Reproduce, exactly and in full, the lines from the one with "el público tucumano." through the one with "さて、今日の行程の長さを思い" in the data below; drop pictures.

◆ **The input**
<<<<

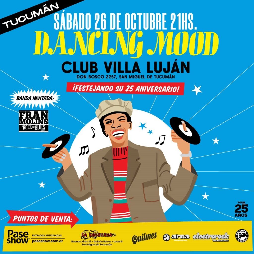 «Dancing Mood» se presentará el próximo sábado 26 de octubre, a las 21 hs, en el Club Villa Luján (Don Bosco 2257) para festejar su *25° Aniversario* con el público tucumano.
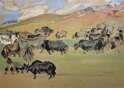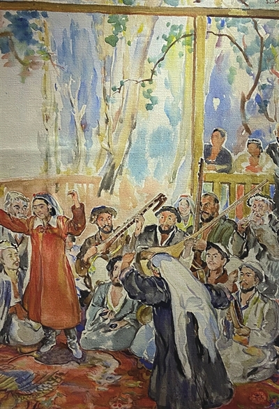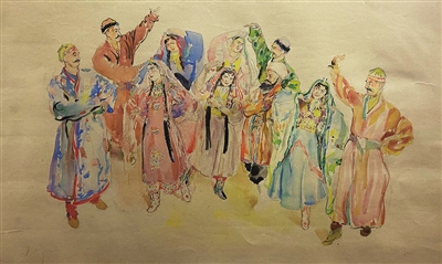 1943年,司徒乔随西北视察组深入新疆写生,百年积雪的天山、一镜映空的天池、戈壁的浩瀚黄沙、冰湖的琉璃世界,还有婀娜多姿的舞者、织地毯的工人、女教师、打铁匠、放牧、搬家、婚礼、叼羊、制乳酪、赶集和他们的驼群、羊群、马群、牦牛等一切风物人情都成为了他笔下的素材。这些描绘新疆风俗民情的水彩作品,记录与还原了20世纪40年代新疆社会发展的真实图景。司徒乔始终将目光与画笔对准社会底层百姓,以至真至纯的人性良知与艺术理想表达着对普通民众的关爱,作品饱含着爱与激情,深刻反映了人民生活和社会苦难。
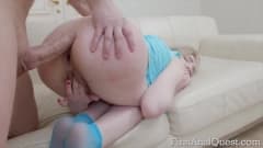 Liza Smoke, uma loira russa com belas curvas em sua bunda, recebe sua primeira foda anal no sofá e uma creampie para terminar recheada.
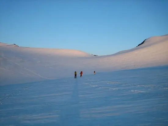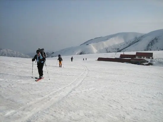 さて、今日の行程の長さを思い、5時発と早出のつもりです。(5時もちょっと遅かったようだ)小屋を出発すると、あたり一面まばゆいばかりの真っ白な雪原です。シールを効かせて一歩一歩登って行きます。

>>>>
<<<<

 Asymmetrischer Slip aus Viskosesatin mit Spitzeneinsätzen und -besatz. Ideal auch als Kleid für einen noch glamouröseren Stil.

>>>>
<<<<

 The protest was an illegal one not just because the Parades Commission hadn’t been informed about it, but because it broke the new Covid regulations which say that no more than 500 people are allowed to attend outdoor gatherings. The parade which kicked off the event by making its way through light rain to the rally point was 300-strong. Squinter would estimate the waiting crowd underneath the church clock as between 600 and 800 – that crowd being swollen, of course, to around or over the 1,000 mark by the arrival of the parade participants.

>>>>

◆ **Exercise solution**
 «Dancing Mood» se presentará el próximo sábado 26 de octubre, a las 21 hs, en el Club Villa Luján (Don Bosco 2257) para festejar su *25° Aniversario* con el público tucumano.
 1943年,司徒乔随西北视察组深入新疆写生,百年积雪的天山、一镜映空的天池、戈壁的浩瀚黄沙、冰湖的琉璃世界,还有婀娜多姿的舞者、织地毯的工人、女教师、打铁匠、放牧、搬家、婚礼、叼羊、制乳酪、赶集和他们的驼群、羊群、马群、牦牛等一切风物人情都成为了他笔下的素材。这些描绘新疆风俗民情的水彩作品,记录与还原了20世纪40年代新疆社会发展的真实图景。司徒乔始终将目光与画笔对准社会底层百姓,以至真至纯的人性良知与艺术理想表达着对普通民众的关爱,作品饱含着爱与激情,深刻反映了人民生活和社会苦难。
 Liza Smoke, uma loira russa com belas curvas em sua bunda, recebe sua primeira foda anal no sofá e uma creampie para terminar recheada.
 さて、今日の行程の長さを思い、5時発と早出のつもりです。(5時もちょっと遅かったようだ)小屋を出発すると、あたり一面まばゆいばかりの真っ白な雪原です。シールを効かせて一歩一歩登って行きます。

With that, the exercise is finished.